The US administration on Thursday added 26 textile entities like traders and warehouses to the forced labour entity list, for having an alleged link with Uyghur labour camps from China’s Xinjiang.

This latest decision will now ban, products associated with these entities from entering the US market, the same report also claimed that this step will also increase pressure on the supply chains of the US market.

the US Department of Homeland Security’s report stated that Companies in provinces across China, including Henan, Jiangsu, Hubei, and Fujian, have been added to the forced-labour Entity List, which now increases the count to 76 entities.
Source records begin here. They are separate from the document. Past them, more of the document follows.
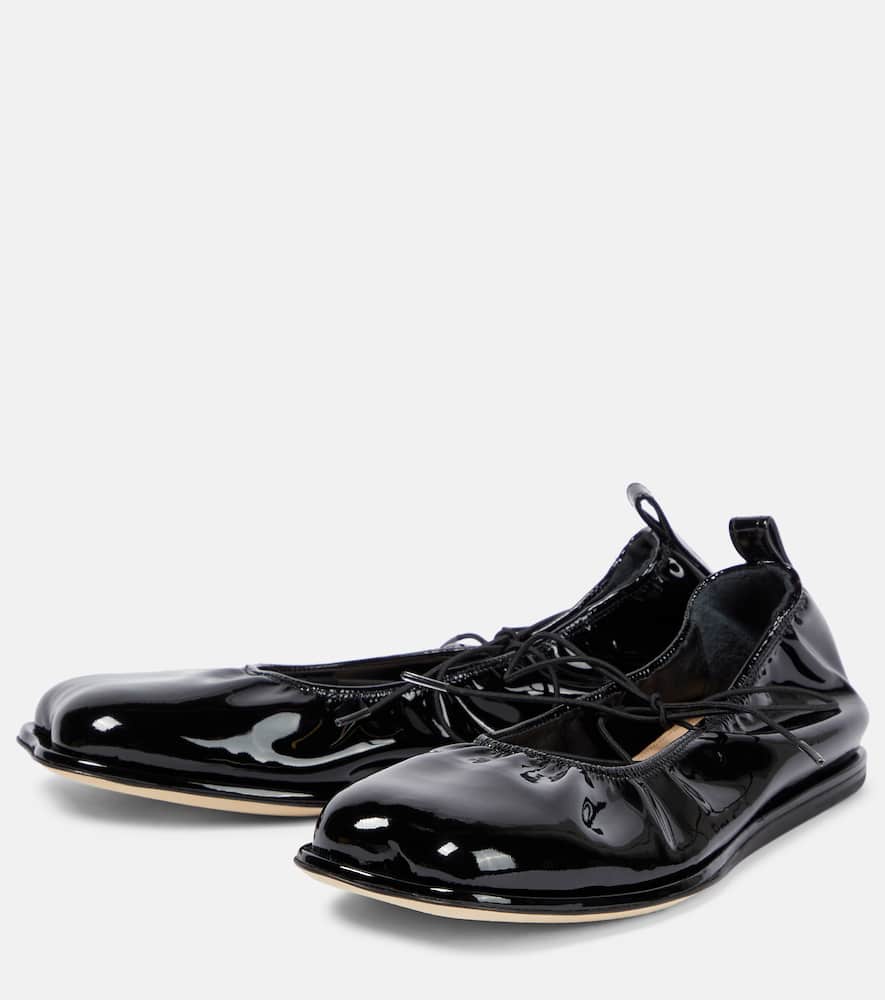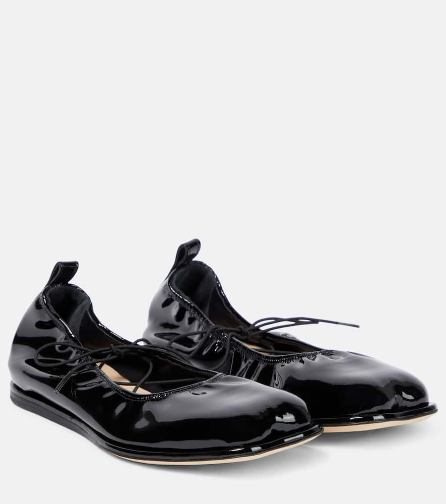 Toe shape: square toe. Sole: leather insole and sole. Made in Portugal. Upper: leather. Designer color name: Black. Closure: lace-up. Comes with a box. Comes with dust bag. Shop the latest Simone Rocha Ballet Flats for women now.
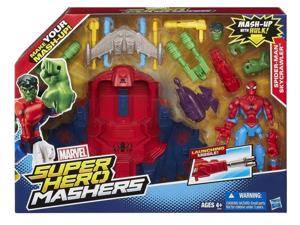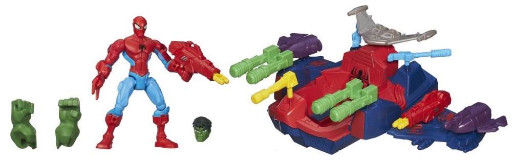 Если Ваш мальчик является поклонником мультипликационных фильмов о супергероях, этот игровой набор не оставит его равнодушным. Разборные фигурки его главных персонажей Халка и Человека Паука являются сборными, их части тела можно переставлять, например, у Человека Паука может вдруг появиться зелёная рука. Это добавит веселья и расширит возможности ролевой игры. Летательный аппарат снабжён огневыми ракетами и легко сможет отразить атаки неприятеля.
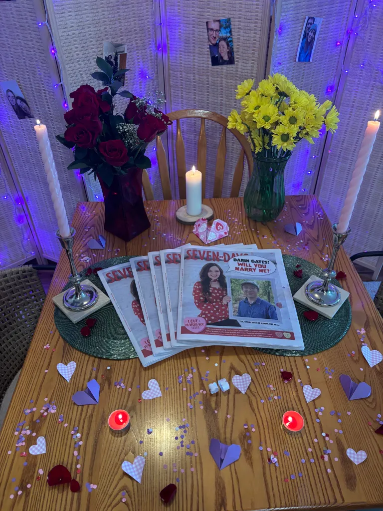 Le matin où le numéro est sorti en kiosque, Susie, en coordination avec un Sept jours chauffeur-livreur, a récupéré plusieurs exemplaires dans un magasin de Middlebury pendant que Darin était au travail. Son plan était de le surprendre à son retour à la maison. Elle a passé la journée à découper des confettis et à fabriquer des cœurs en origami, qu’elle a dispersés sur une table à côté de copies de papier, de photos, de bougies et de fleurs.
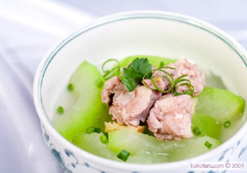 Canh vịt trắng, bí xanh, phục thần: vịt trắng 1 con, bí xanh 500g, phục thần 30g, mạch môn 30g. Vịt mổ bỏ ruột làm sạch, chặt miếng cho vào nồi cùng túi vải đựng phục thần, mạch môn, nước, đun sôi một lúc, cho tiếp bí xanh thái miếng vào, đun đến khi thịt, bí chín nhừ nêm vị là được. Ngày ăn 2 - 3 lần. Công hiệu: bổ âm, an thần, thanh nhiệt, ninh tâm, chữa mất ngủ, thần kinh suy nhược.
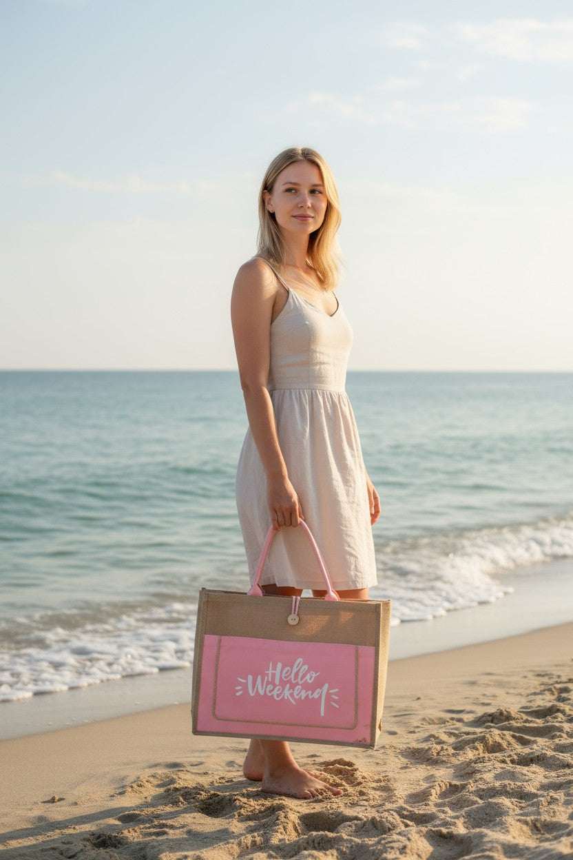 Préparez-vous pour le week-end avec notre sac fourre-tout en toile de jute Hello Weekend ! Parfait pour tous vos essentiels, ce grand fourre-tout est disponible en trois choix de couleurs amusantes. Dites bonjour à votre nouveau sac incontournable pour les aventures du week-end (et en semaine aussi) !
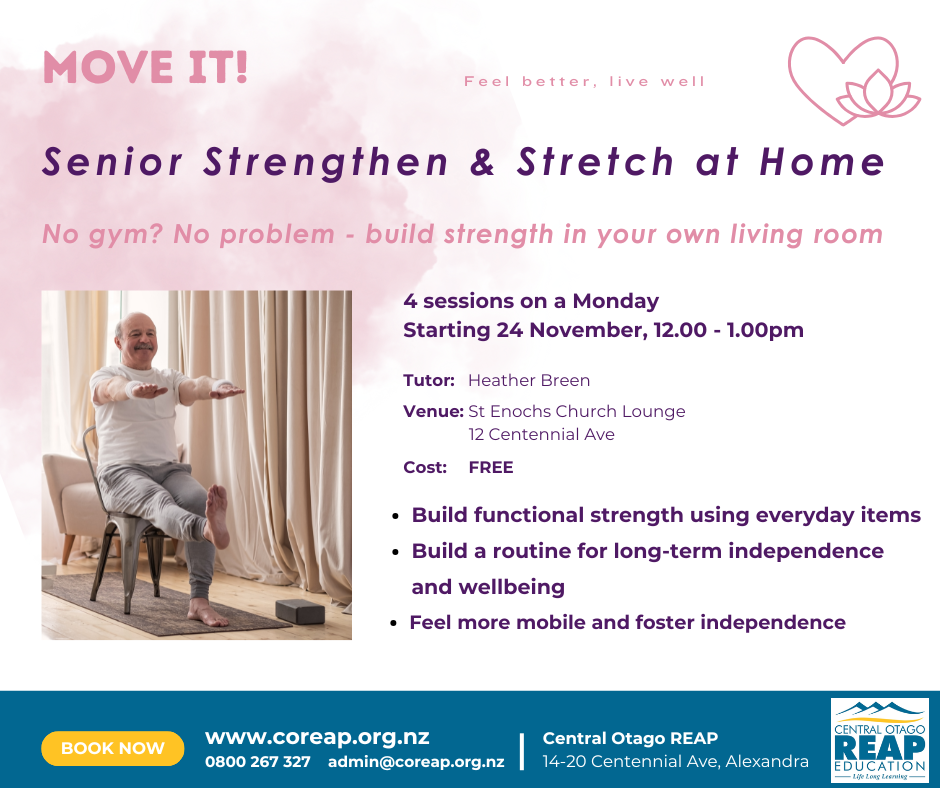 Learn simple, effective exercises using everyday household items — no special equipment needed. Build functional strength, improve balance and flexibility, and create a routine that supports long-term independence and wellbeing.
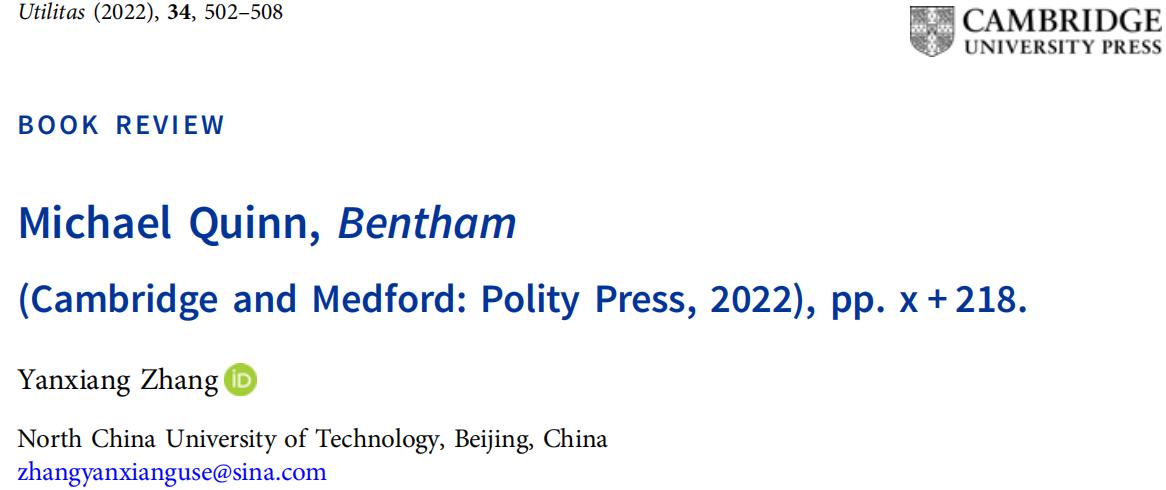 法哲学与道德哲学国际顶尖期刊Utilitas于2022年12月在第34卷第4期刊发了张延祥副教授独立撰写的论文:A Review of Bentham。Utilitas是国际功利主义学会(International Society for Utilitarian Studies)旗下唯一的学术期刊,在人文领域享有崇高声誉,由剑桥大学出版社出版。Utilitas被国际人文研究领域的各个权威期刊目录收录,其中包括Web of Science中的艺术与人文索引目录(A&HCI),在另一权威数据库Scopus的学术期刊排名体系(SJR)中位于Q1区。
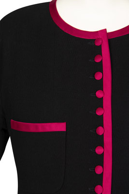 Black crinkle-weave jacket trimmed with rose/pink silk satin around neckline, center front closure, covered buttons, the top of each pocket and along the hem. The front of the jacket and the front of the sleeve are cut in one piece. The back of the jacket and the back of the sleeve are cut in one piece. The jacket is fully lined with black silk that features woven CC logos.
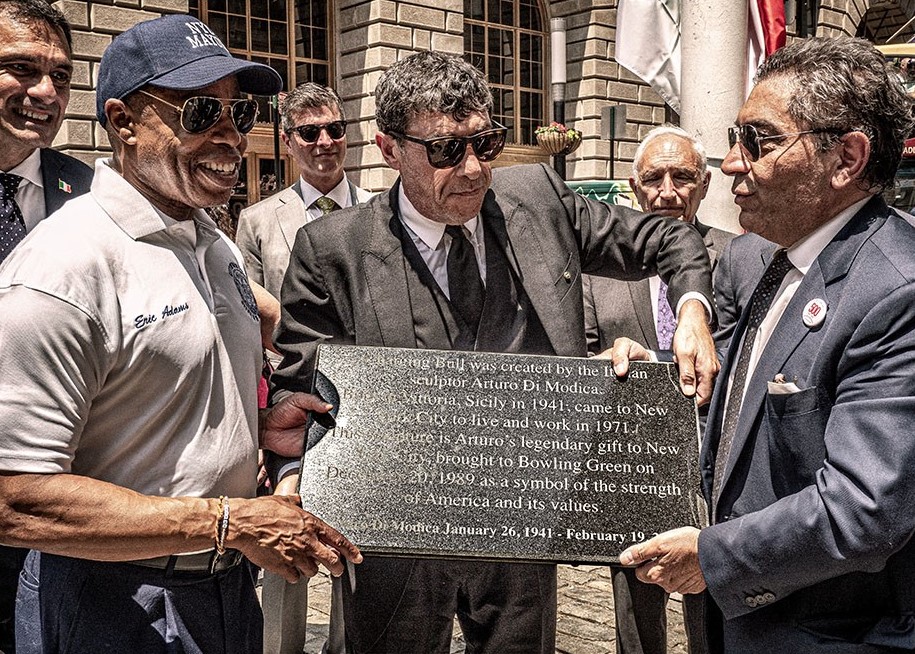 A plaque was delivered on the occasion of June 2, Italy's Republic Day, to commemorate Arturo Di Modica, the sculptor originally from Vittoria, Sicily, who is world famous for the Wall Street Bull. It was delivered into the hands of New York Mayor Eric Adams by Antonino Laspina, director of the Italian Trade Agency.
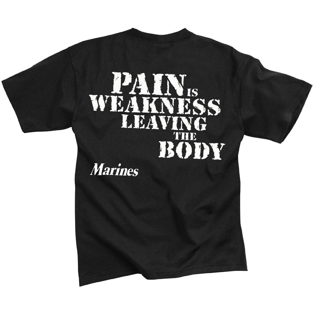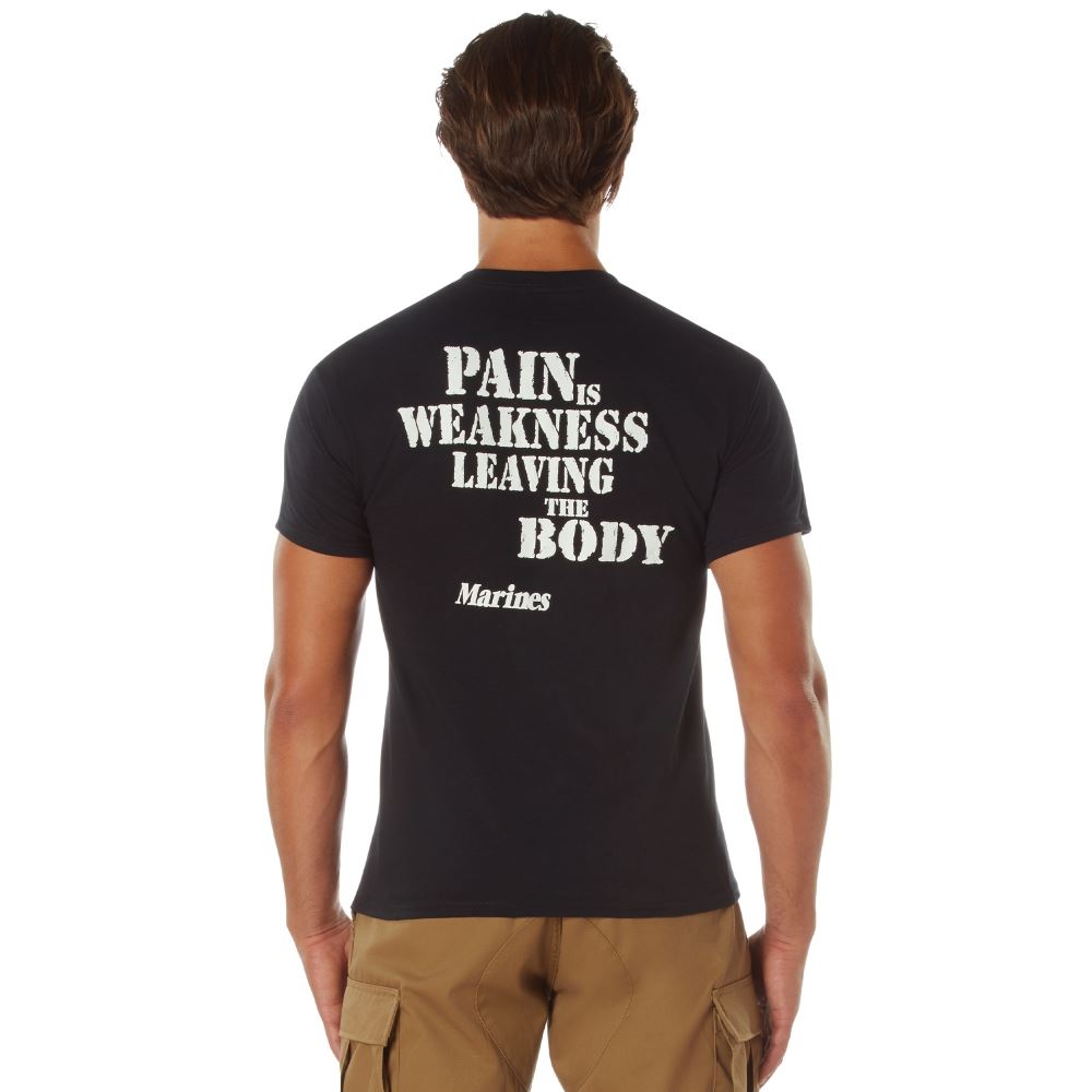 licensed by U.S. Marines Pain is Weakness T-shirt features a two sided print with a Marines logo on the front chest and Pain is Weakness slogan on the back.
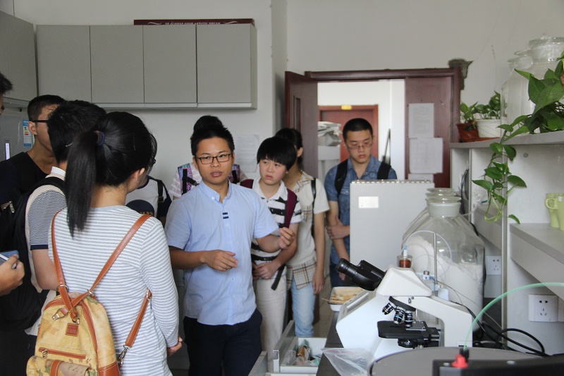 座谈会之后,来访同学们在威廉希尔员工骨干的带领下参观了姜岷教授实验室。实验室马江锋博士后为同学们讲解了酶工程研究未来发展前景以及课题组近期成果,并为同学们演示了冷冻真空干燥机、超净工作台的使用方法和作用。武汉大学实践团队成员对威廉希尔的科研和学习环境十分向往。
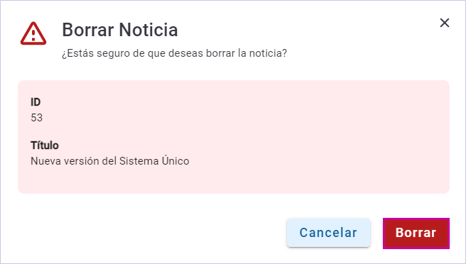 2. Aparecerá la ventana Borrar Noticia mostrando la advertencia ¿Estás seguro de que deseas borrar la noticia? Da clic en Borrar para eliminar la noticia.
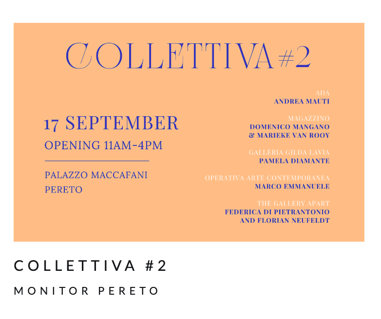 ADA / Andrea Mauti, Galleria Gilda Lavia / Pamela Diamante, MAGAZZINO / Domenico Mangano & Marieke van Rooy, Operativa arte contemporanea / Marco Emmanuele, The Gallery Apart / Federica Di Pietrantonio e Florian Neufeldt
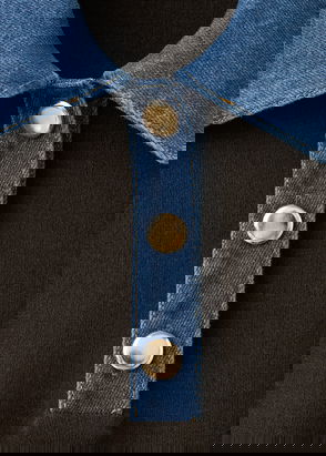 Online Exclusive, Rib knit fabric, Polo neck, Dropped shoulder seams, Long sleeve, Back length 25.0 in.
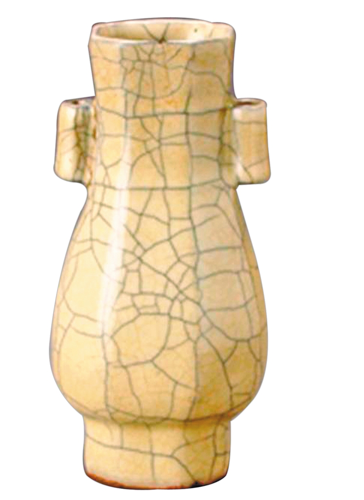 哥窑瓷器浓缩了中国传统文化的精华,大器小开片者和小器大开片者最为珍贵。文中贯耳八棱瓶上的开片大如水杯口,小如指甲盖,于点滴处细化着哥窑的传奇。
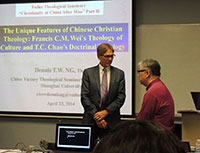 Vote of thanks by Rev. Dr. Gao Ying, Vice-President of China Christian Council and President of Yanjing Theological Seminary, after the keynote at Yanjing Theological Seminary 主领燕京神学院学术讲座后获该院院长高英博士致谢,高院长亦为中国基督教协会副会长 |
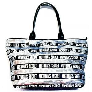 Victoria’s Secret Black Silver Sequin Bling Large Tote Weekender Bag Limited Ed.

The US has repeatedly taken steps against the use of forced labour for production in China’s Xinjiang region, home to the predominantly Muslim Turkic Uyghurs and other minorities.

Locals of this region have been facing human rights abuses at the hands of China however, the country denies all such claims and states that all those alleged labour programs are to alleviate poverty in the region.

The Uyghur Forced Labour Prevention Act (UFLPA) generally bars imports sourced “wholly or in part” in Xinjiang, a major cotton-supplying region. Enforcement has led to around USD 3 billion in shipments being flagged at the border since the act took effect in June 2022. Hence all the products coming from that region are considered to be a product of forced labour until there is clear evidence that proves otherwise.

The Entity List designates specific companies whose products, or components of other companies’ finished products, are to be blocked from entering the country.

Authorities have flagged extra scrutiny for certain sectors, such as cotton, tomatoes, and polysilicon, a key raw material for solar panels, the report by Nikkei Asia claimed.

In the same reference the House Select Committee on the Chinese Communist Party wrote to Homeland Security Secretary Alejandro Mayorkas in January this year, urging stronger enforcement of the UFLPA through such steps as adding entities outside China to the list.

A researcher on the matter Adrian Zenz has highlighted that one key issue faced by the US government is a lack of transparency in domestic supply chains within China. According to his statement given to Nikkei Asia “The UFLPA contains a provision to monitor and keep an eye on intra-Chinese supply chains because of the risk of labour transfers to other provinces. As Xinjiang itself doesn’t export so much of what is produced in Xinjiang. The greatest risk comes through intermediaries, and the Entity List is very much suited to counter or to address that problem.”Nikkei Asia further quotes the research accomplished by Zenz which stated that there was a 38 per cent increase from 2022 to 2023 in the number of labourers moved as part the “pairing assistance” program but said any future understanding of labour transfer programs could diminish now that the Chinese government has stopped publishing statistics.